Adam Howard, Publicist
Having already read The Idiot I'm going to have to find something else to read this Christmas, so I've decided to take a break from current publishing and return to a classic — I've found myself reading George Eliot over the festive period a number of times in the past, and this year I'm hoping that The Mill on the Floss is as revelatory and engrossing as all her other works. If I get through that, I'm going to give Min Jin Lee's Pachinko a go, fascinated as I am by mid-20th century Japan and its fraught (to say the least) relationship with Korea. But then again, my 12-year-old, fantasy-loving heart will probably convince me to wade into Philip Pullman's The Book of Dust, even though it's far too large to take to my Mum's. I also have my fingers crossed that I'll have Justin Hopper's The Old Weird Albion in my stocking – a tour of the strange, eerie corners of the English South that sounds right up my street.
Sophie Leeds, Digital Marketing Coordinator
I will be reading the classic The Very Hungry Caterpillar by Eric Carle at least twice a day for the next month. My daughter delights in the gluttony of the caterpillar and relishes the greedy Saturday full of cakes and cheese and sausages. She hates the butterfly at the end. ‘What’s the point,’ she thinks, ‘of being an industrious goal-oriented foodie if you’re only going to turn in to a flimsy butterfly that has exactly zero adventures?’ She calls the butterfly ‘sad’ and then makes me start at the beginning to relive its glory days.
For myself I will be re-reading my all-time favourite Christmas book The Hogfather by Terry Pratchett. It’s been my Christmas staple every year since I was a teenager and I still love it. It takes on the classic Christmas story of ‘what happens when people stop believing in Santa’ much like The Santa Clause or Miracle on 34th Street but with the Grim Reaper instead of Tim Allen and a surly governess instead of a precocious 7-year-old.

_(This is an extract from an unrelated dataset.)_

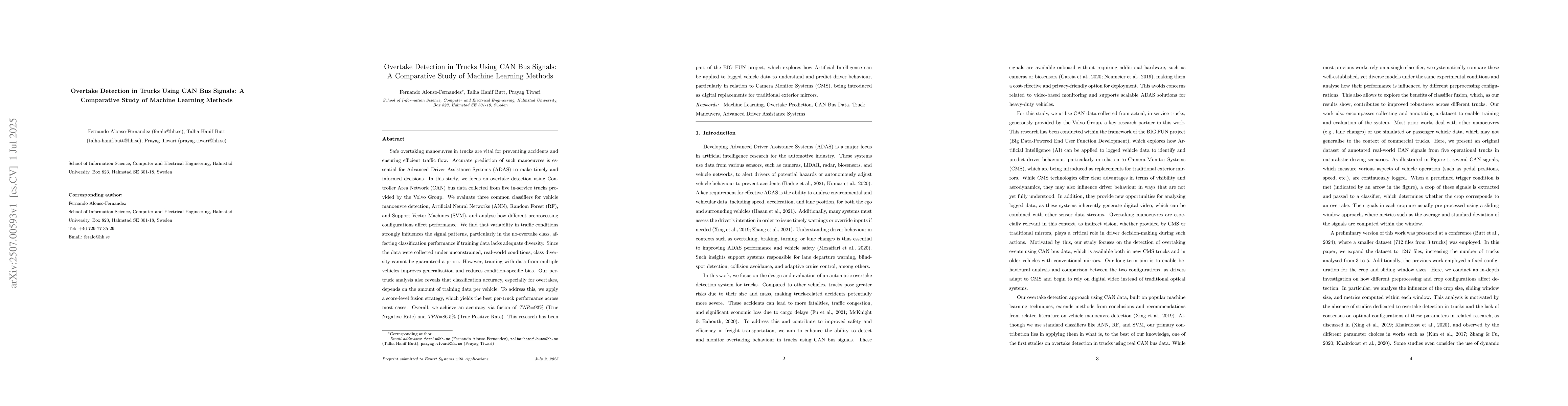 Safe overtaking manoeuvres in trucks are vital for preventing accidents and ensuring efficient traffic flow. Accurate prediction of such manoeuvres is essential for Advanced Driver Assistance Systems (ADAS) to make timely and informed decisions. In this study, we focus on overtake detection using Controller Area Network (CAN) bus data collected from five in-service trucks provided by the Volvo Group. We evaluate three common classifiers for vehicle manoeuvre detection, Artificial Neural Networks (ANN), Random Forest (RF), and Support Vector Machines (SVM), and analyse how different preprocessing configurations affect performance. We find that variability in traffic conditions strongly influences the signal patterns, particularly in the no-overtake class, affecting classification performance if training data lacks adequate diversity. Since the data were collected under unconstrained, real-world conditions, class diversity cannot be guaranteed a priori. However, training with data from multiple vehicles improves generalisation and reduces condition-specific bias. Our pertruck analysis also reveals that classification accuracy, especially for overtakes, depends on the amount of training data per vehicle. To address this, we apply a score-level fusion strategy, which yields the best per-truck performance across most cases. Overall, we achieve an accuracy via fusion of TNR=93% (True Negative Rate) and TPR=86.5% (True Positive Rate). This research has been part of the BIG FUN project, which explores how Artificial Intelligence can be applied to logged vehicle data to understand and predict driver behaviour, particularly in relation to Camera Monitor Systems (CMS), being introduced as digital replacements for traditional exterior mirrors.

On my Christmas list this year are books that will really help me refine my mum-meddling skills; I have taken to interfering with all the creative pursuits of my brothers-in-law as they try and turn their hobbies into real businesses that result in money. As such I’ve been reading a number of business and marketing books and The Creative Entrepreneur: Business Made Beautiful For Artists, Makers and Designers looks like a book that could really help me gain financial control over my husband's family and thus secure my place as future matriarch of the Leeds clan.